### Supplied material:
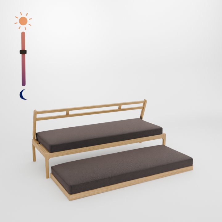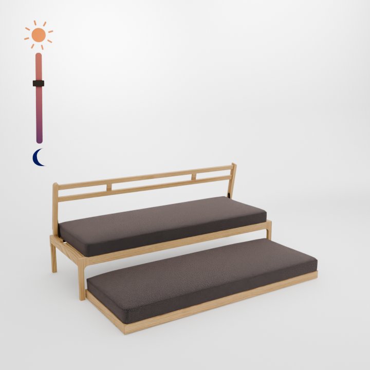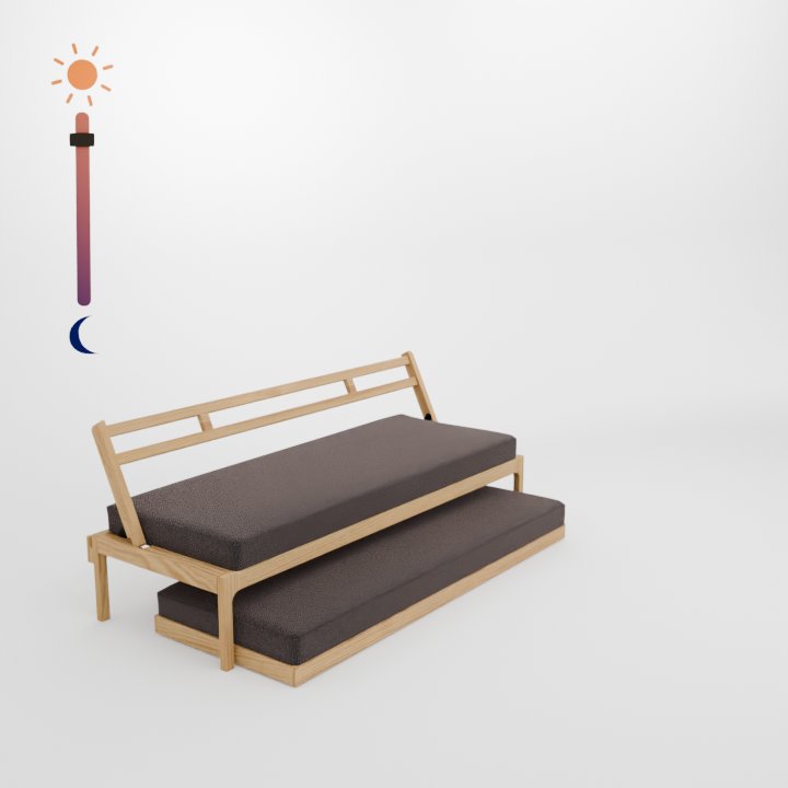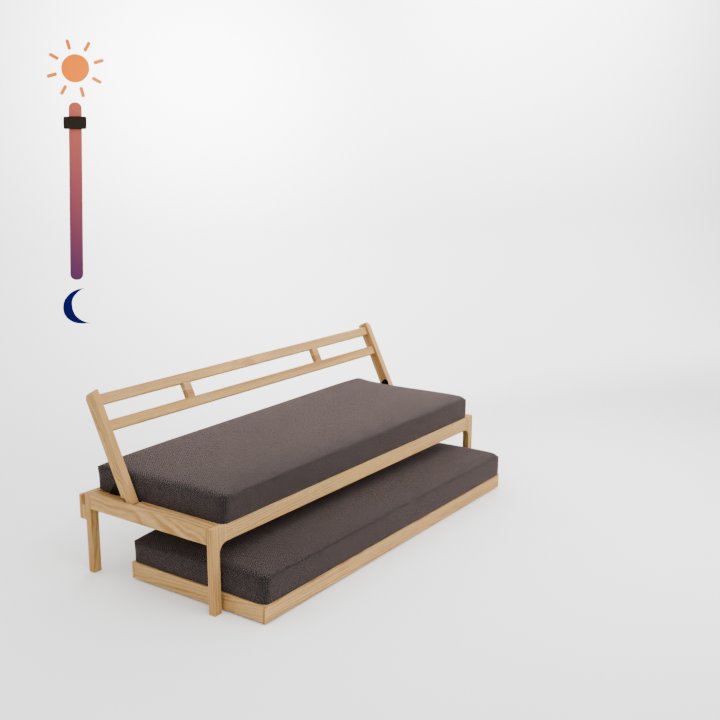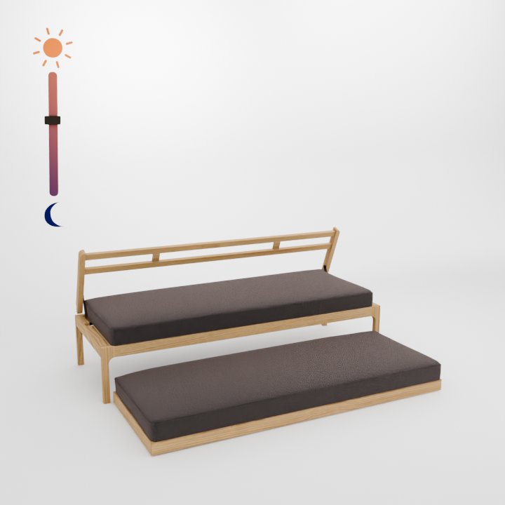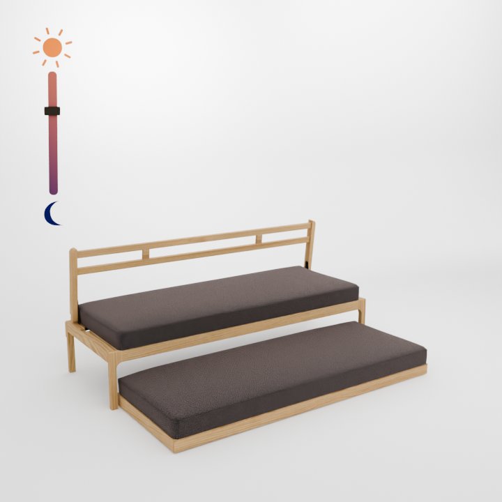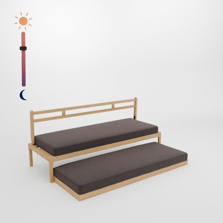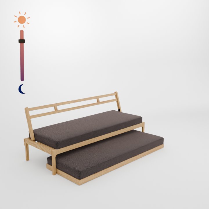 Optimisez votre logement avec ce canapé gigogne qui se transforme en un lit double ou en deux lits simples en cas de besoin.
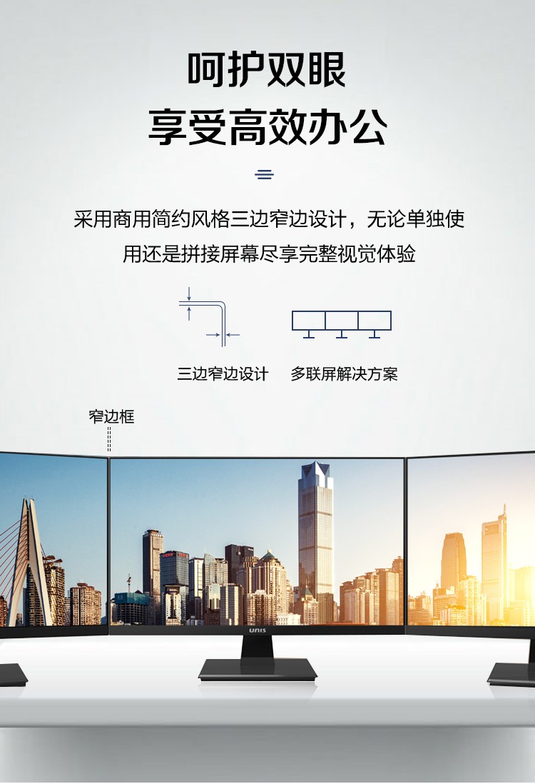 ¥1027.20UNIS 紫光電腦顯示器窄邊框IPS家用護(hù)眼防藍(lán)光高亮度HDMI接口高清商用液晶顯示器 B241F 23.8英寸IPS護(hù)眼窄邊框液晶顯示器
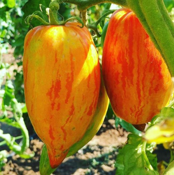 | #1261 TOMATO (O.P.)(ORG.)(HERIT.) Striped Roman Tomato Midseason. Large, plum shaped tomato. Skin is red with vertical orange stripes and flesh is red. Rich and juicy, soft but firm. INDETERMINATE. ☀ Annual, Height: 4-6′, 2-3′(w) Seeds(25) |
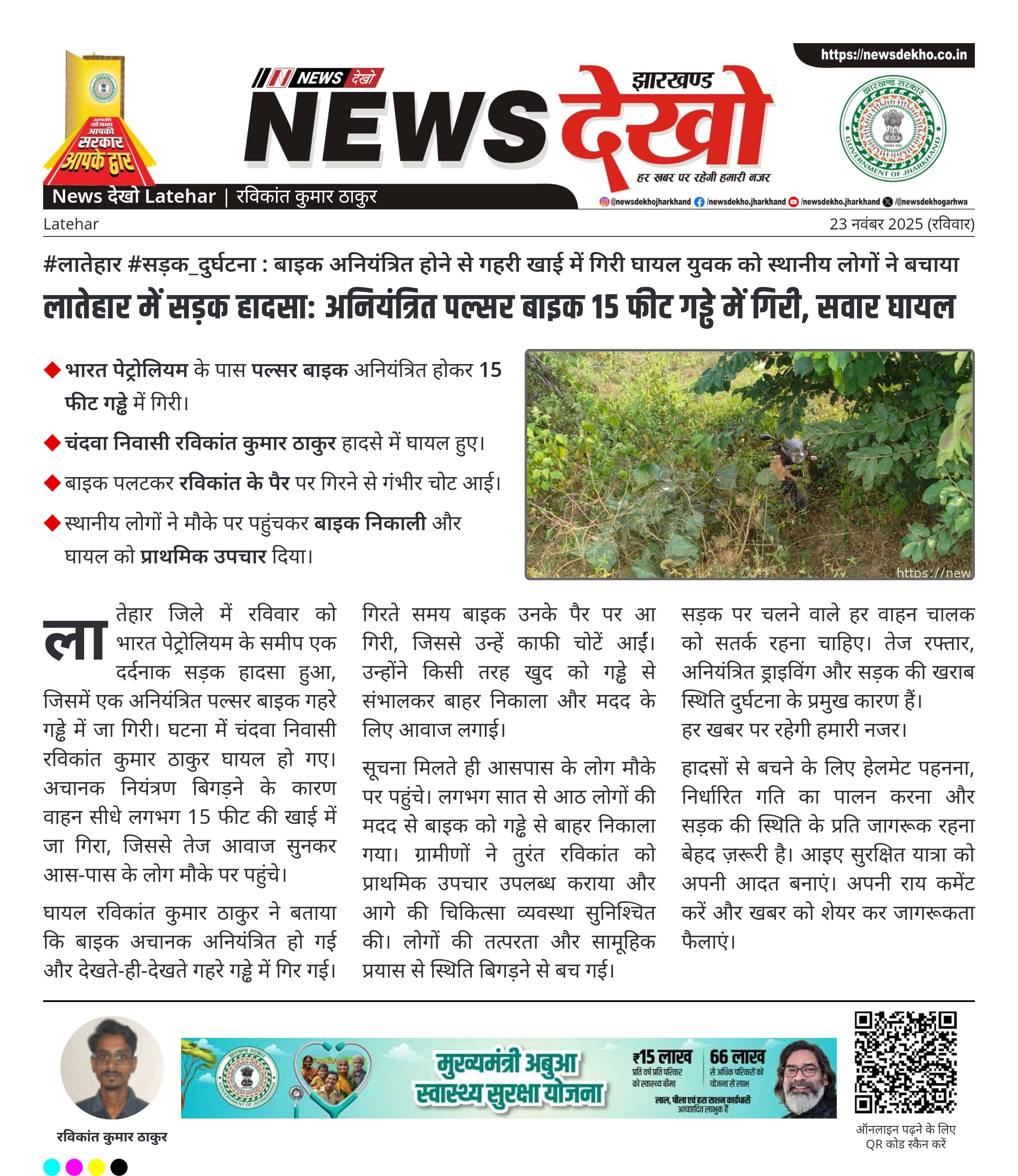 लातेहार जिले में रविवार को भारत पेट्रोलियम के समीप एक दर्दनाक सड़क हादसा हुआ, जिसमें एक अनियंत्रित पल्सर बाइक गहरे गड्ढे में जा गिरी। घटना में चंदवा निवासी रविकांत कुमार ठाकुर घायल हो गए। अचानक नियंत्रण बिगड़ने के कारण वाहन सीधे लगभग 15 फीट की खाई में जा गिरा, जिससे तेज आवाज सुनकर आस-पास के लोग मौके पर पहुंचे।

### Task to carry out:
Your task is to quote exactly the lines from the one with "2-3′(w) Seeds(25) |" through the end of the material, both included, without reproducing any pictures.

### Worked solution:
 | #1261 TOMATO (O.P.)(ORG.)(HERIT.) Striped Roman Tomato Midseason. Large, plum shaped tomato. Skin is red with vertical orange stripes and flesh is red. Rich and juicy, soft but firm. INDETERMINATE. ☀ Annual, Height: 4-6′, 2-3′(w) Seeds(25) |
 लातेहार जिले में रविवार को भारत पेट्रोलियम के समीप एक दर्दनाक सड़क हादसा हुआ, जिसमें एक अनियंत्रित पल्सर बाइक गहरे गड्ढे में जा गिरी। घटना में चंदवा निवासी रविकांत कुमार ठाकुर घायल हो गए। अचानक नियंत्रण बिगड़ने के कारण वाहन सीधे लगभग 15 फीट की खाई में जा गिरा, जिससे तेज आवाज सुनकर आस-पास के लोग मौके पर पहुंचे।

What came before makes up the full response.